DESCRIPTION OF THE TASK: Identify all lines of the data containing the string "clasificados" and copy them.

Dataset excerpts
Segment Open

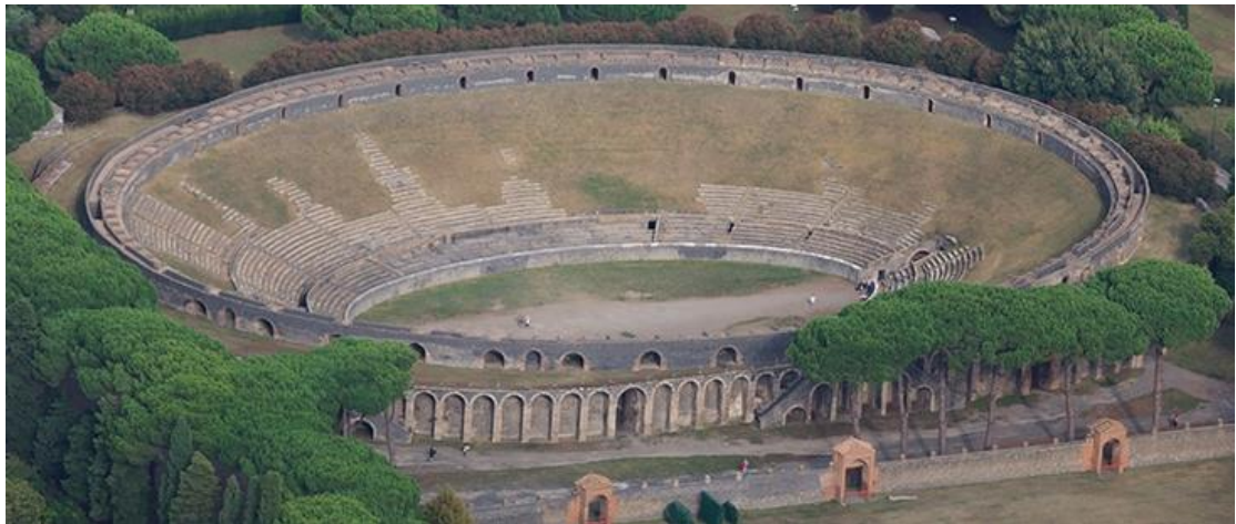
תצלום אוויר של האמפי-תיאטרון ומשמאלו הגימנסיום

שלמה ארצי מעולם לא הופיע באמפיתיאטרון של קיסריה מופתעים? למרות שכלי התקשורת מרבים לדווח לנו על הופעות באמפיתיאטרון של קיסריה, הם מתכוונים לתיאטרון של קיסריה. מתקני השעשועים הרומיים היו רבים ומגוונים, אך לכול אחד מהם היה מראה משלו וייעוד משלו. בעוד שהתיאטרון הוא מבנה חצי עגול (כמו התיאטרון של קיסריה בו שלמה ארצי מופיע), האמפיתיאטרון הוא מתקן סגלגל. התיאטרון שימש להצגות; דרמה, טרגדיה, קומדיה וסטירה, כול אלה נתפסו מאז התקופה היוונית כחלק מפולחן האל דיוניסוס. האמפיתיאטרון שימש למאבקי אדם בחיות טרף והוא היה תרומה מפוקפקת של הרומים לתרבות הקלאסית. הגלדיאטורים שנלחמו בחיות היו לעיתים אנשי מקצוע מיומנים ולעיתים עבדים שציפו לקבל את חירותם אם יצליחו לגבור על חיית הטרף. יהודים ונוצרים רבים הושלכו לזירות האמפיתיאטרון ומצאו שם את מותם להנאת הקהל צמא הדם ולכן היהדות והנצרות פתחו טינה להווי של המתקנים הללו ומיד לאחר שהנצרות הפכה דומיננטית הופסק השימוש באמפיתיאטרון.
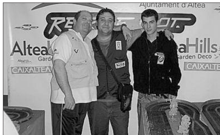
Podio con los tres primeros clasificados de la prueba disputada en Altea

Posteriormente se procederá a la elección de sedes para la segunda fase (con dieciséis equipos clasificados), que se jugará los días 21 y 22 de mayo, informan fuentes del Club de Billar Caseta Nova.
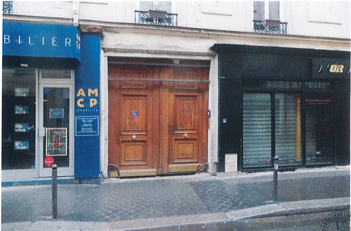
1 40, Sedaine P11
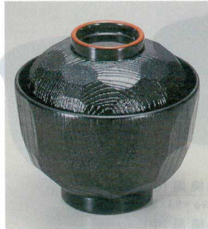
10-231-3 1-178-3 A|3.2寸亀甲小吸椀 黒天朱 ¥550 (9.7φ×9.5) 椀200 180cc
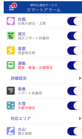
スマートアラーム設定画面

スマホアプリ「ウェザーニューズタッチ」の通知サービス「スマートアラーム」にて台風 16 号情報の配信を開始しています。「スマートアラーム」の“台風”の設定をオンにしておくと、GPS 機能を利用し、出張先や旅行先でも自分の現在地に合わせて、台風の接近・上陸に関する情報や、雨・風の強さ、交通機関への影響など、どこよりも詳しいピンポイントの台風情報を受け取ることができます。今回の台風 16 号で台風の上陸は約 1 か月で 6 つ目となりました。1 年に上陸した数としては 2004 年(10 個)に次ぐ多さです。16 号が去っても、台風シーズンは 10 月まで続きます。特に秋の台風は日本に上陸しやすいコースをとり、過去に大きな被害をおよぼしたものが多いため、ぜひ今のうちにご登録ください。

Segment Closed

SOLUTION TO THIS EXERCISE:
Podio con los tres primeros clasificados de la prueba disputada en Altea
Posteriormente se procederá a la elección de sedes para la segunda fase (con dieciséis equipos clasificados), que se jugará los días 21 y 22 de mayo, informan fuentes del Club de Billar Caseta Nova.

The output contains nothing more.